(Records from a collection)
┌──

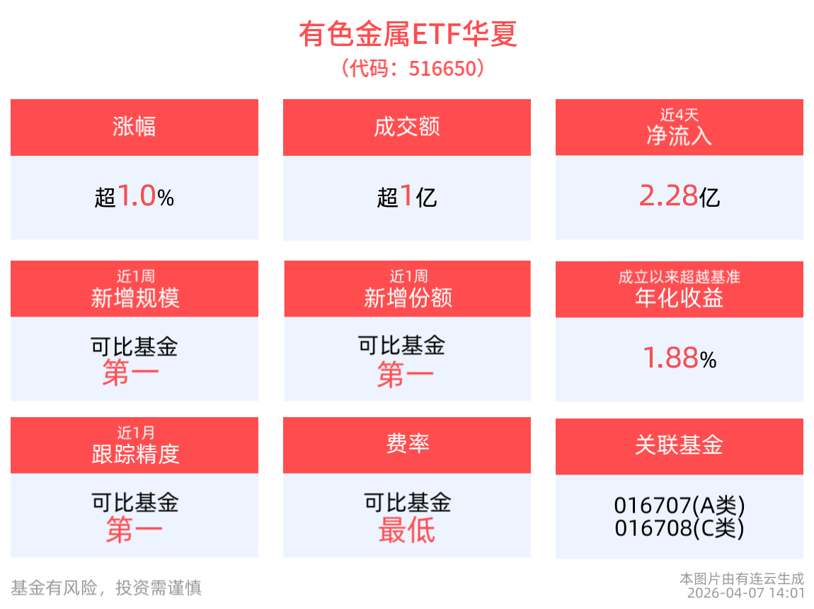 截至2026年4月7日 ,稀土、鋁概念午後異動,截至14:01,有色金屬ETF華夏(516650)上漲1.04%,其持倉股中稀有色漲停,盛和資源上漲5.82%,天山鋁業上漲5.55%,中孚實業,北方稀土等個股跟漲。統計顯示,有色金屬ETF華夏(516650)近4個交易日内有3日資金淨流入,合計「吸金」2.28億元。
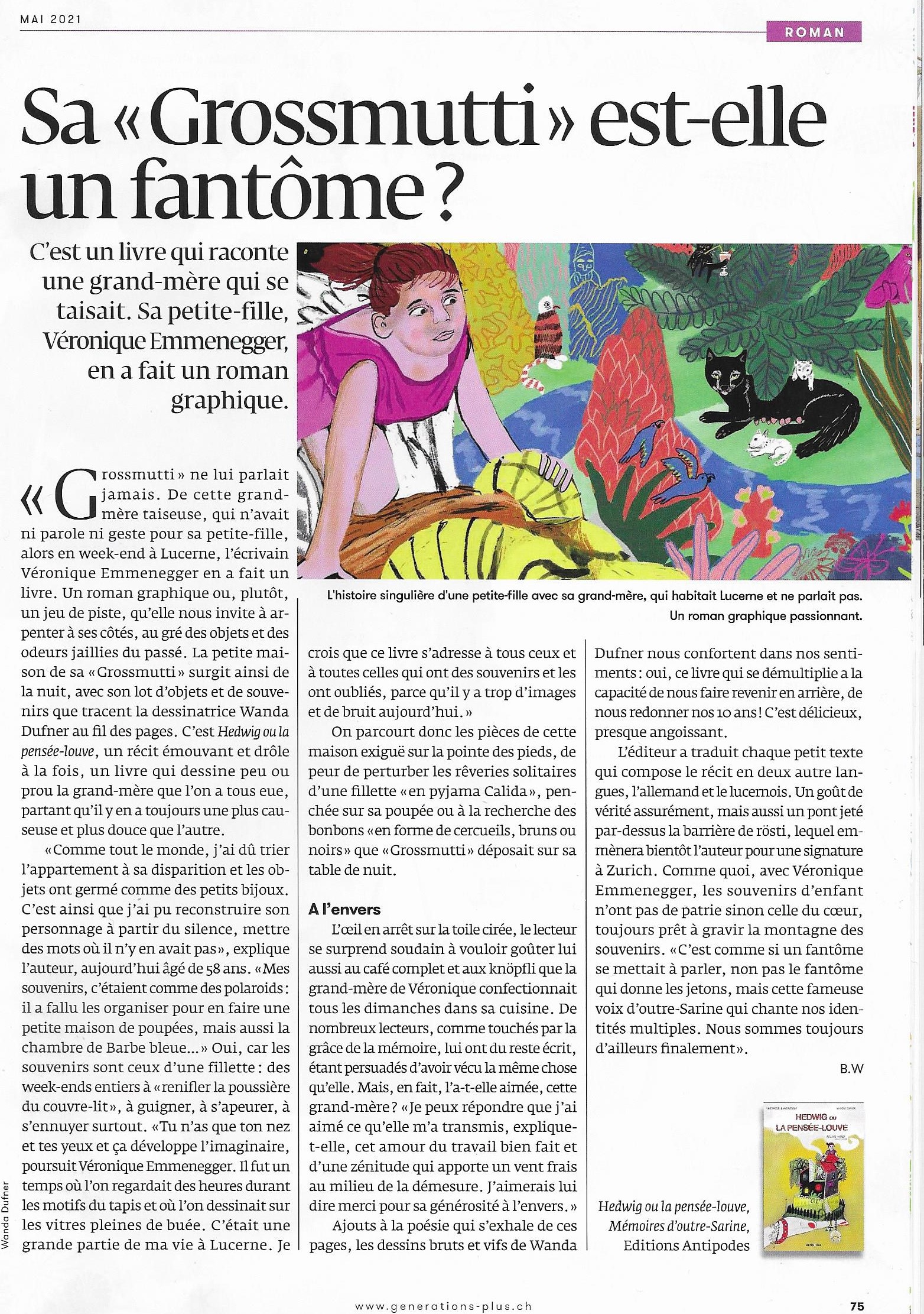 «Hedwig ou la Pensée-louve» est ma relation de petite fille avec ma grand-mère Hedwig passée par le prisme de la non-communication verbale. Même si nous ne parlions pas la même langue, les nombreux séjours à Lucerne ont laissé un souvenir impressionnant dans ma tête d’enfant.
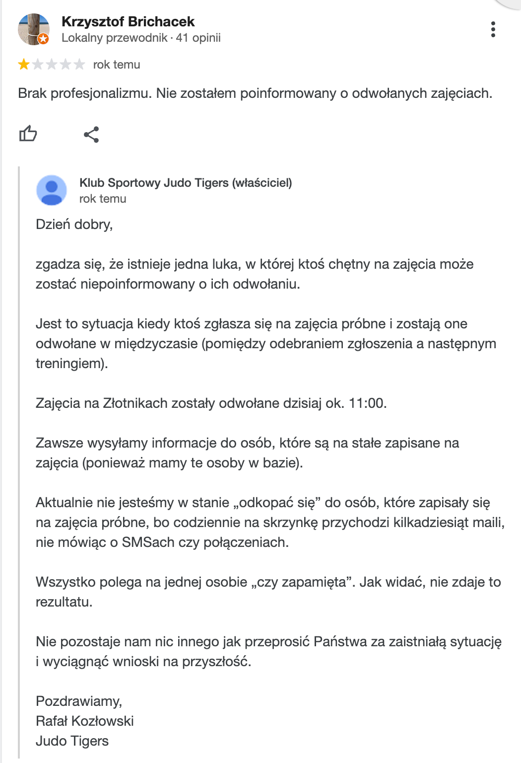 ...odpowiada się zarówno dla anonimowych czytających, jak i dla osoby, która tę opinię wystawiła. Pan Krzysztof prawdopodobnie już nie wróci, ale ta opinia i odpowiedź na nią dalej będzie czytana przez nowe osoby.
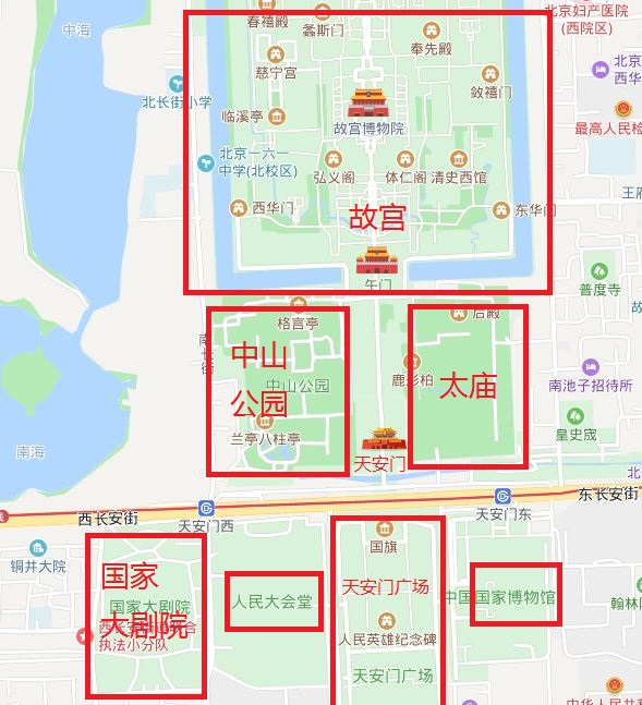 长安街沿线东单到西单。中间包括的东单大街,西单大街、王府井大街这三条大街吃的逛的都很全。主要说一下长安街的天安门广场。从南边开始是:天坛公园- 是明、清两代皇帝“祭天”“祈谷”的场所,位于正阳门外东侧。坛域北呈圆形,南为方形,寓意“天圆地方”。四周环筑坛墙两道,把全坛分为内坛、外坛两部分,总面...显示全部
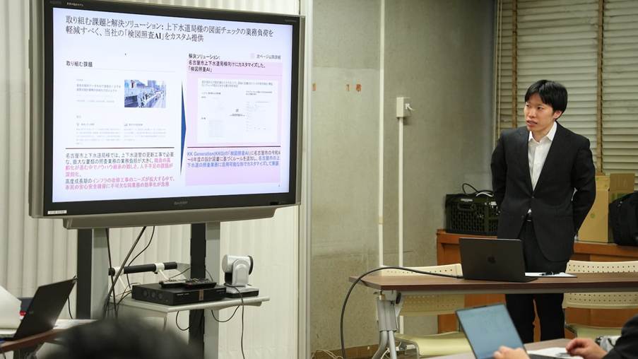 当日はメディア関係者にお集まりいただき、まずは上下水道局の担当者から本市のインフラが抱える課題背景を説明しました。続いて、KKGの担当者から技術的なアプローチを解説し、実際の設計データを用いてシステムを動かすデモンストレーションを行いました。デモの後には、今回導入したAIの技術的な特徴や今後の展開などについて活発な質疑が行われ、本取り組みへの関心の高さが感じられました。
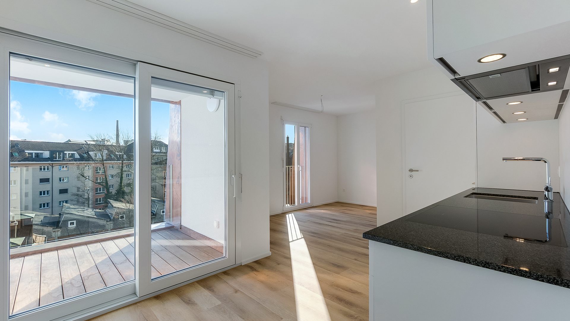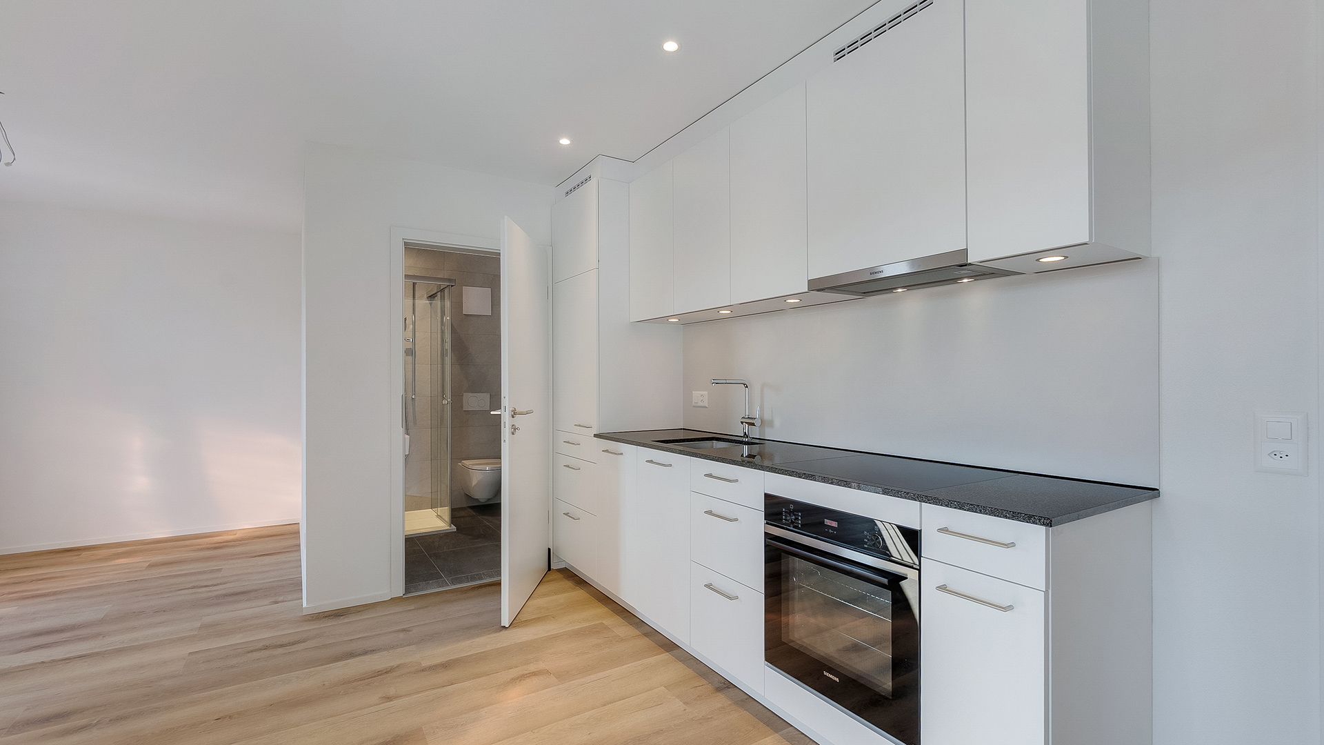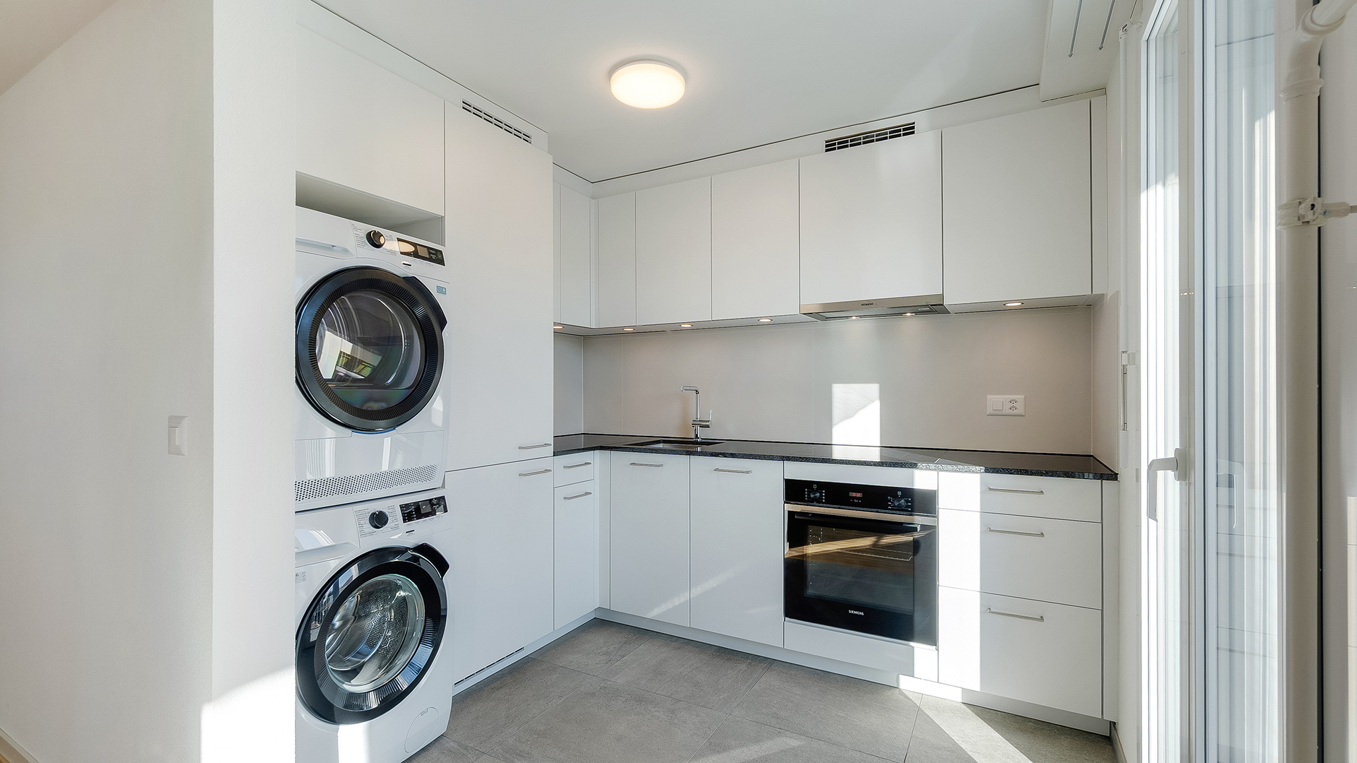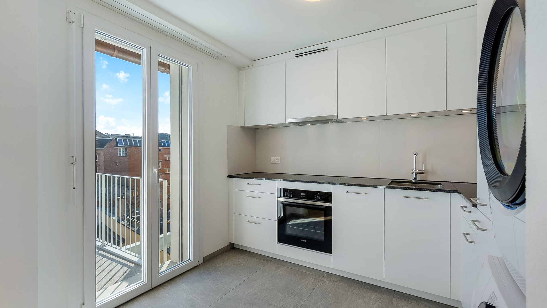 In den Wohnungen sind moderne Küchen mit Geschirrspüler,

└──

PROBLEM REQUIREMENTS:
Nothing may be altered when you restate the records, but every picture must be dropped.

FINISHED EXERCISE:
 截至2026年4月7日 ,稀土、鋁概念午後異動,截至14:01,有色金屬ETF華夏(516650)上漲1.04%,其持倉股中稀有色漲停,盛和資源上漲5.82%,天山鋁業上漲5.55%,中孚實業,北方稀土等個股跟漲。統計顯示,有色金屬ETF華夏(516650)近4個交易日内有3日資金淨流入,合計「吸金」2.28億元。
 «Hedwig ou la Pensée-louve» est ma relation de petite fille avec ma grand-mère Hedwig passée par le prisme de la non-communication verbale. Même si nous ne parlions pas la même langue, les nombreux séjours à Lucerne ont laissé un souvenir impressionnant dans ma tête d’enfant.
 ...odpowiada się zarówno dla anonimowych czytających, jak i dla osoby, która tę opinię wystawiła. Pan Krzysztof prawdopodobnie już nie wróci, ale ta opinia i odpowiedź na nią dalej będzie czytana przez nowe osoby.
 长安街沿线东单到西单。中间包括的东单大街,西单大街、王府井大街这三条大街吃的逛的都很全。主要说一下长安街的天安门广场。从南边开始是:天坛公园- 是明、清两代皇帝“祭天”“祈谷”的场所,位于正阳门外东侧。坛域北呈圆形,南为方形,寓意“天圆地方”。四周环筑坛墙两道,把全坛分为内坛、外坛两部分,总面...显示全部
 当日はメディア関係者にお集まりいただき、まずは上下水道局の担当者から本市のインフラが抱える課題背景を説明しました。続いて、KKGの担当者から技術的なアプローチを解説し、実際の設計データを用いてシステムを動かすデモンストレーションを行いました。デモの後には、今回導入したAIの技術的な特徴や今後の展開などについて活発な質疑が行われ、本取り組みへの関心の高さが感じられました。
 In den Wohnungen sind moderne Küchen mit Geschirrspüler,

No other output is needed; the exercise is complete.